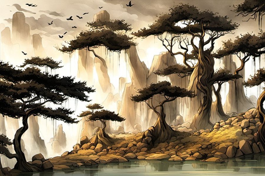 幕布透光,幕後人影浮動。陳師傅粗糙的手指在木杆上輕點幾下,幾聲“叮”的輕響如碎石濺落。幕的另一邊,魏三爺鼓起腮幫,唢呐“嘟”地破了個音,一縷微燙的銅腥味便混入後台的浮塵裏。白熾燈泡驟然刺亮幕布,那薄薄一層油絹,隔開了
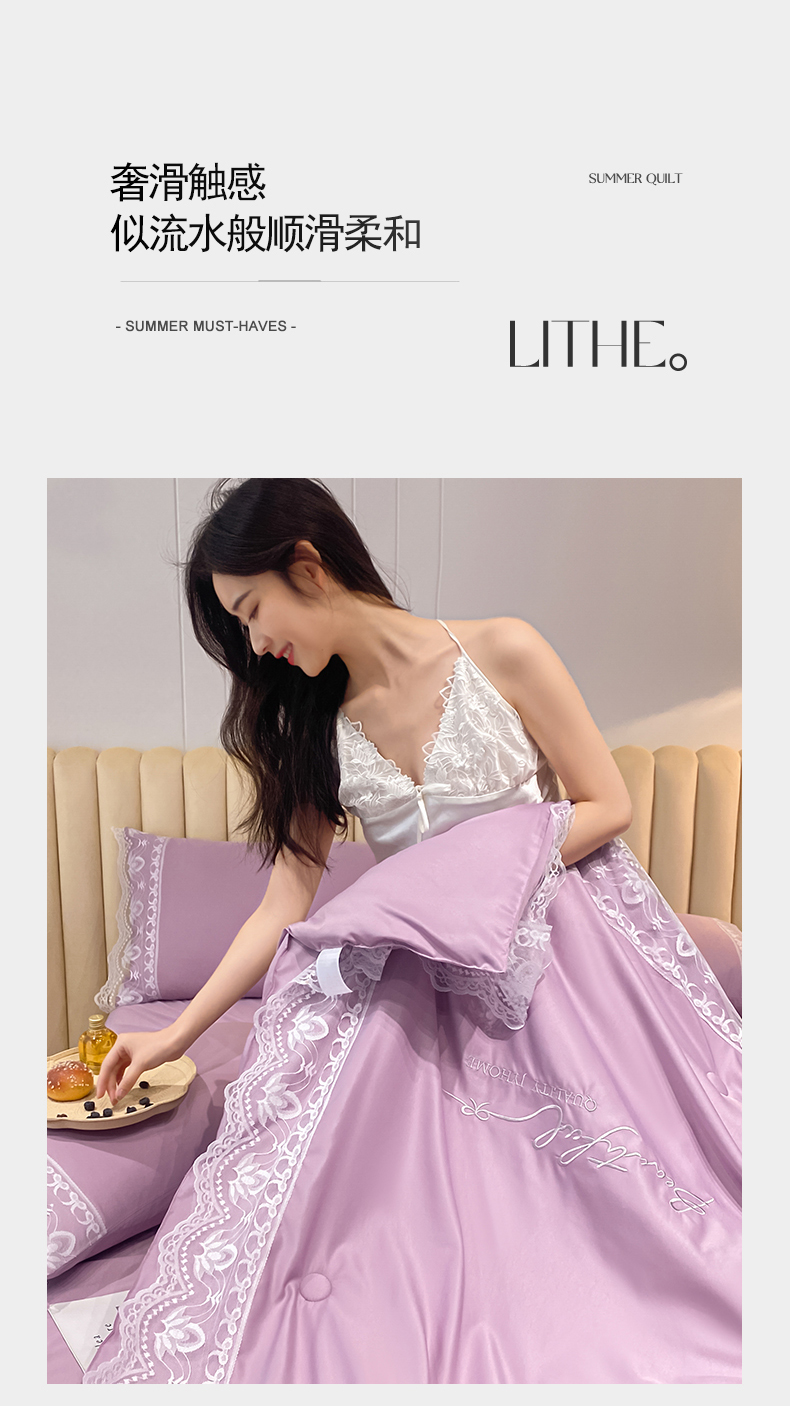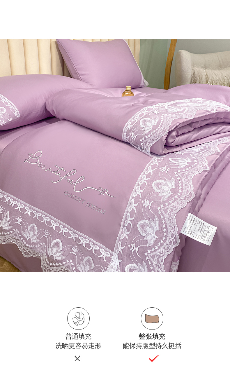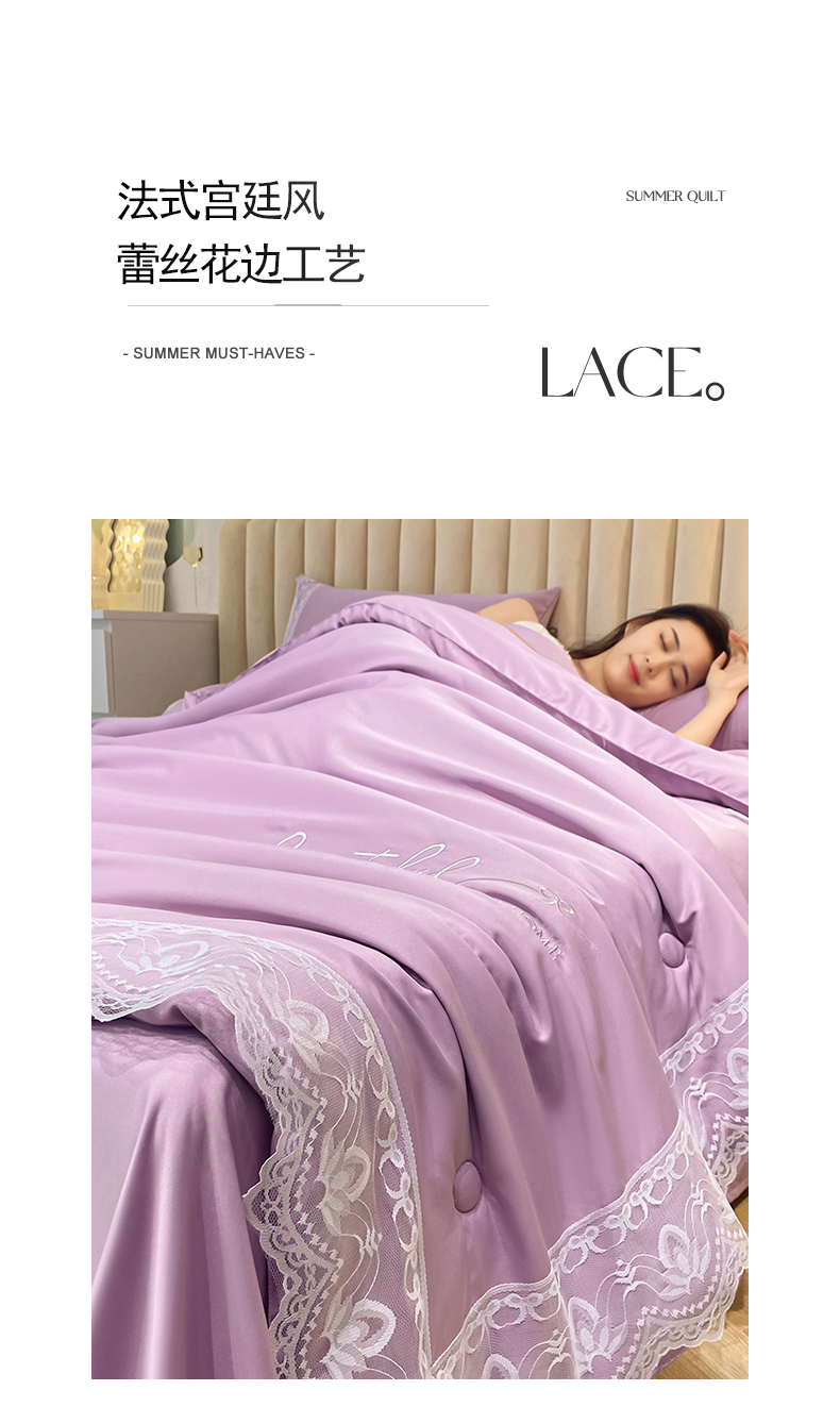 • 91家纺网 家纺一手货源 找家纺 益多眠 2026新款水洗天丝蕾丝花边夏被夏凉被空调被-公主 公主-优雅紫
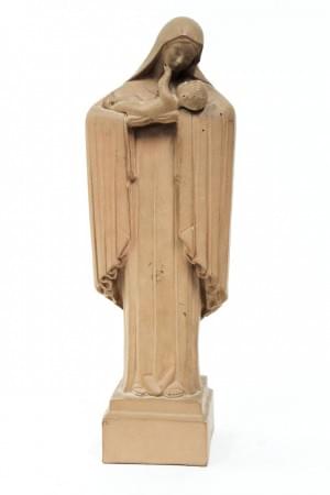 Vierge Marie à l'Enfant Jésus, terre cuite, H 37 cm
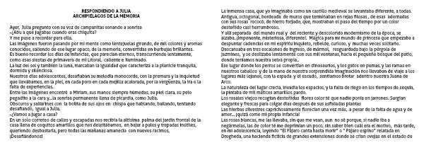 Descansaba en tres escalones de ingreso, de mármol, resguardada bajo la pérgola de jazmines, y se deslizaba lentamente con sus mil ventanas, hacia el pequeño bosque del patio, donde teníamos nuestra selva propia..
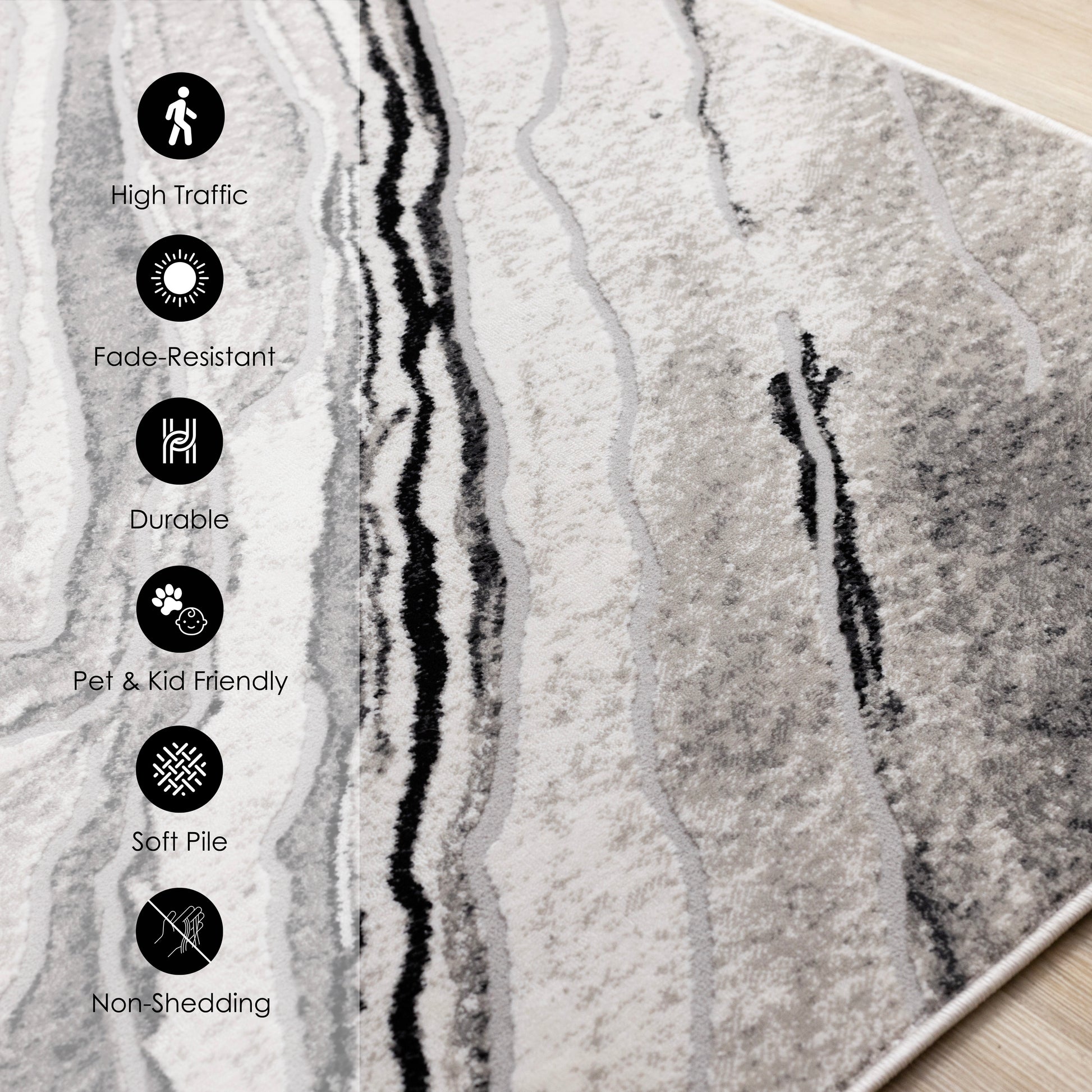 This rug is made from polyester, a material that is stain resistant, and adds dimension and durability to its designs.
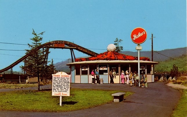 The Pixie Kitchen was located on the 101 in Lincoln City and was open from 1953 to 1985. It was by far one of the best places to stop with the family when visiting the Oregon coast. When you walked in there were fun-house mirrors and kids got tokens at the end of the meal which they could exchange for salt water taffy. From the dining room you could look out at the courtyard at the Pixie Grotto that was full of mischievous, mechanical pixies. They even opened an amusement park called Pixieland, which was open from 1969 to 1974.
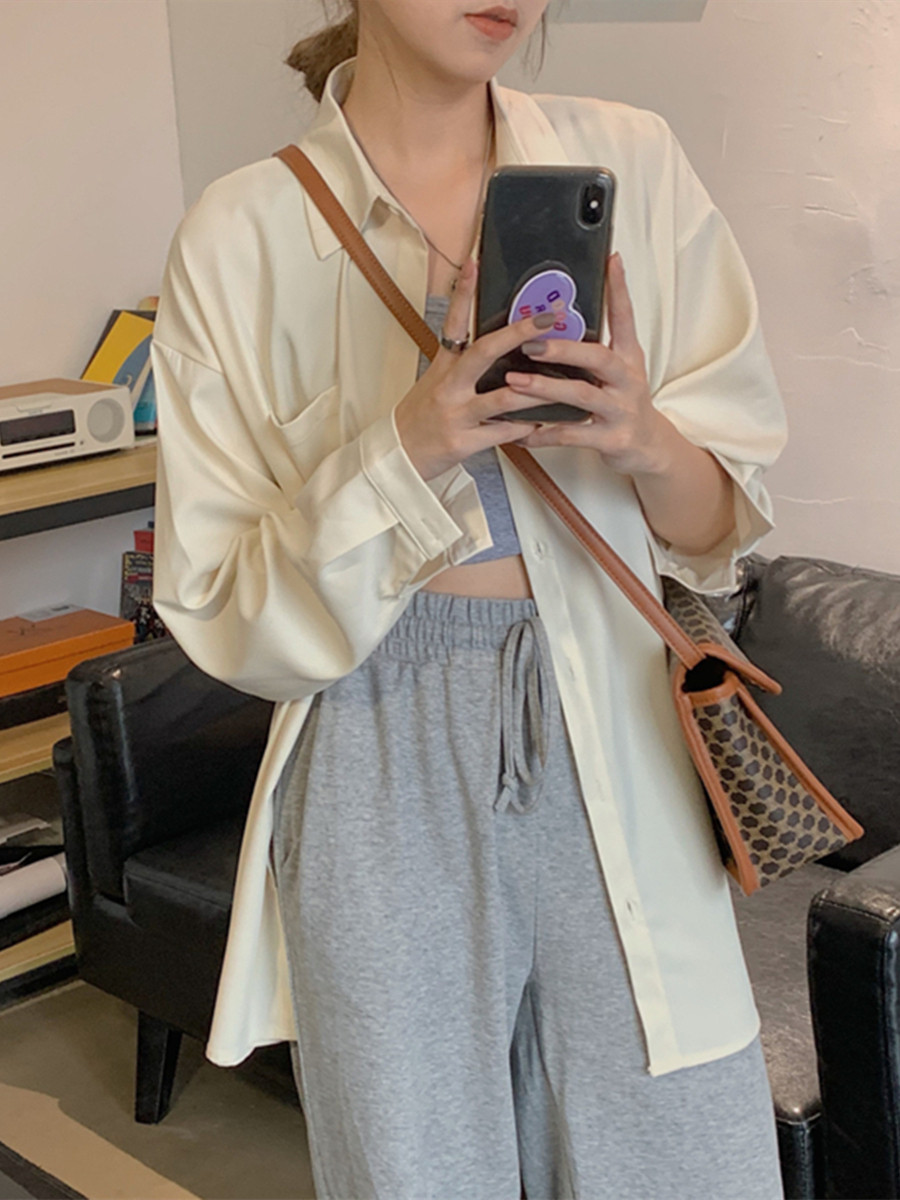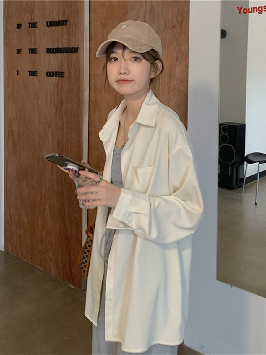 📚 复古衬衫宽松中长款外套女春秋薄款设计感韩版外搭开衫长袖上衣潮
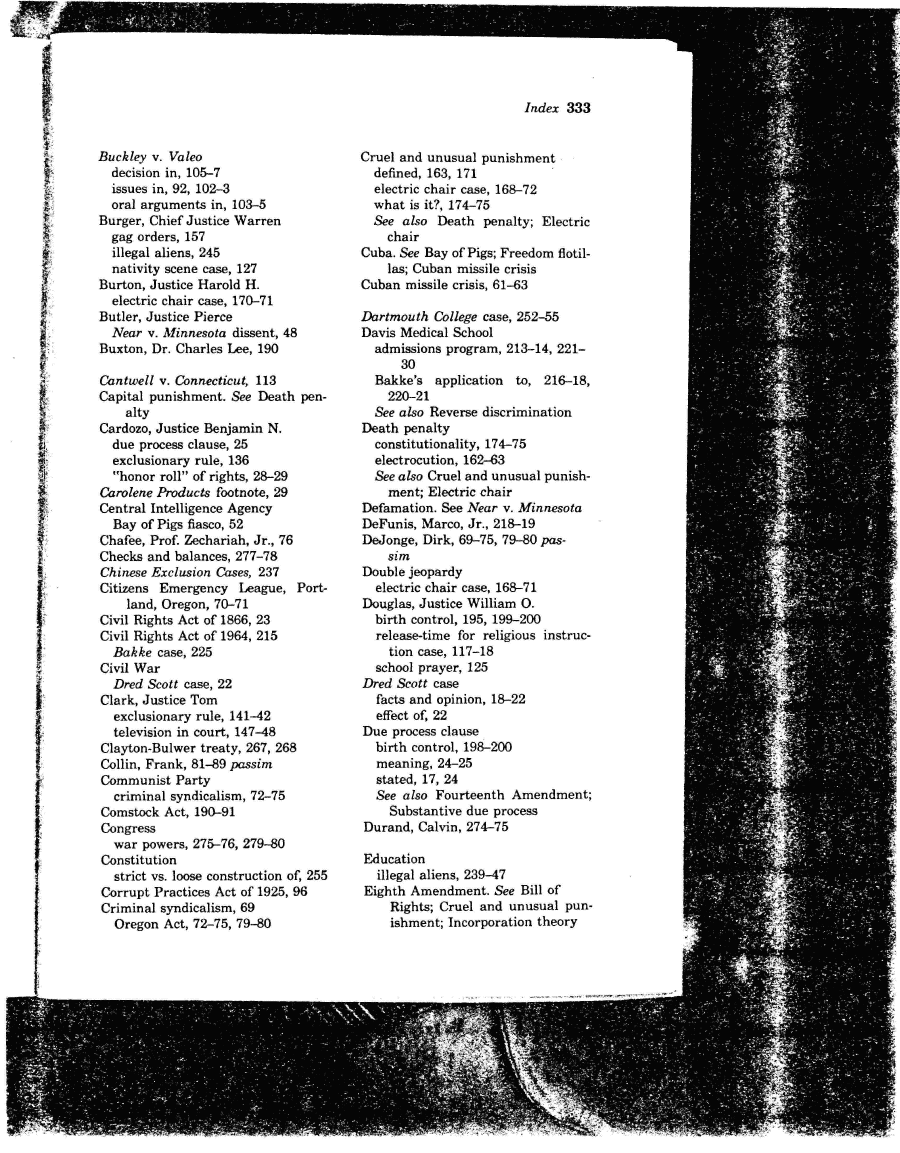 | Index 333 Buckley v. Valeo decision in, 105-7 issues in, 92, 102-3 oral arguments in, 103-5 Burger, Chief Justice Warren gag orders, 157 illegal aliens, 245 nativity scene case, 127 Burton, Justice Harold H. electric chair case, 170-71 Butler, Justice Pierce Near v. Minnesota dissent, 48 Buxton, Dr. Charles Lee, 190 Cantwell v. Connecticut, 113 Capital punishment. See Death pen- alty Cardozo, Justice Benjamin N. due process clause, 25 exclusionary rule, 136 "honor roll" of rights, 28-29 Carolene Products footnote, 29 Central Intelligence Agency Bay of Pigs fiasco, 52 Chafee, Prof. Zechariah, Jr., 76 Checks and balances, 277-78 Chinese Exclusion Cases, 237 Citizens Emergency League, Port- land, Oregon, 70-71 Civil Rights Act of 1866, 23 Civil Rights Act of 1964, 215 Bakke case, 225 Civil War Dred Scott case, 22 Clark, Justice Tom exclusionary rule, 141-42 television in court, 147-48 Clayton-Bulwer treaty, 267, 268 Collin, Frank, 81-89 passim Communist Party criminal syndicalism, 72-75 Comstock Act, 190-91 Congress war powers, 275-76, 279-80 Constitution strict vs. loose construction of, 255 Corrupt Practices Act of 1925, 96 Criminal syndicalism, 69 Oregon Act, 72-75, 79-80 Cruel and unusual punishment denned, 163, 171 electric chair case, 168-72 what is it?, 174-75 See also Death penalty; Electric chair Cuba. See Bay of Pigs; Freedom flotil- las; Cuban missile crisis Cuban missile crisis, 61-63 Dartmouth College case, 252-55 Davis Medical School admissions program, 213-14, 221- 30 Bakke's application to, 216-18, 220-21 See also Reverse discrimination Death penalty constitutionality, 174-75 electrocution, 162-63 See also Cruel and unusual punish- ment; Electric chair Defamation. See Near v. Minnesota DeFunis, Marco, Jr., 218-19 DeJonge, Dirk, 69-75, 79-80 pas- sim Double jeopardy electric chair case, 168-71 Douglas, Justice William O. birth control, 195, 199-200 release-time for religious instruc- tion case, 117-18 school prayer, 125 Dred Scott case facts and opinion, 18-22 effect of, 22 Due process clause birth control, 198-200 meaning, 24-25 stated, 17, 24 See also Fourteenth Amendment; Substantive due process Durand, Calvin, 274-75 Education illegal aliens, 239-47 Eighth Amendment. See Bill of Rights; Cruel and unusual pun- ishment; Incorporation theory |
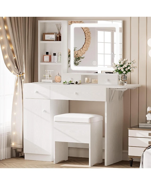 Vanity Desk with Led Lighted Mirror & Power Outlet & Cabinet
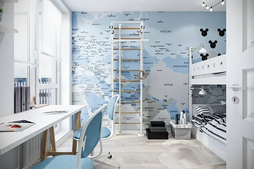 Существует много способов выбрать место для сна и найти удобное расположение для стола школьника или развивающих игр. Дети ведут активный образ жизни, и шведская стенка или турник могут стать спортивной зоной. Стоит разделить пространство на зону для отдыха и игр, используя мебель, перегородки, освещение. Главное, чтобы цветовая гамма всего помещения была выдержана в одном стилевом оформлении.

+===+

- _To do_: Give back exactly the lines above from the one with "益多眠 2026新款水洗天丝蕾丝花边夏被夏凉被空调被-公主 公主-优雅紫" through the one with "This rug is", both included. Pictures don't belong in the copy.

- _Task answer_:
 • 91家纺网 家纺一手货源 找家纺 益多眠 2026新款水洗天丝蕾丝花边夏被夏凉被空调被-公主 公主-优雅紫
 Vierge Marie à l'Enfant Jésus, terre cuite, H 37 cm
 Descansaba en tres escalones de ingreso, de mármol, resguardada bajo la pérgola de jazmines, y se deslizaba lentamente con sus mil ventanas, hacia el pequeño bosque del patio, donde teníamos nuestra selva propia..
 This rug is made from polyester, a material that is stain resistant, and adds dimension and durability to its designs.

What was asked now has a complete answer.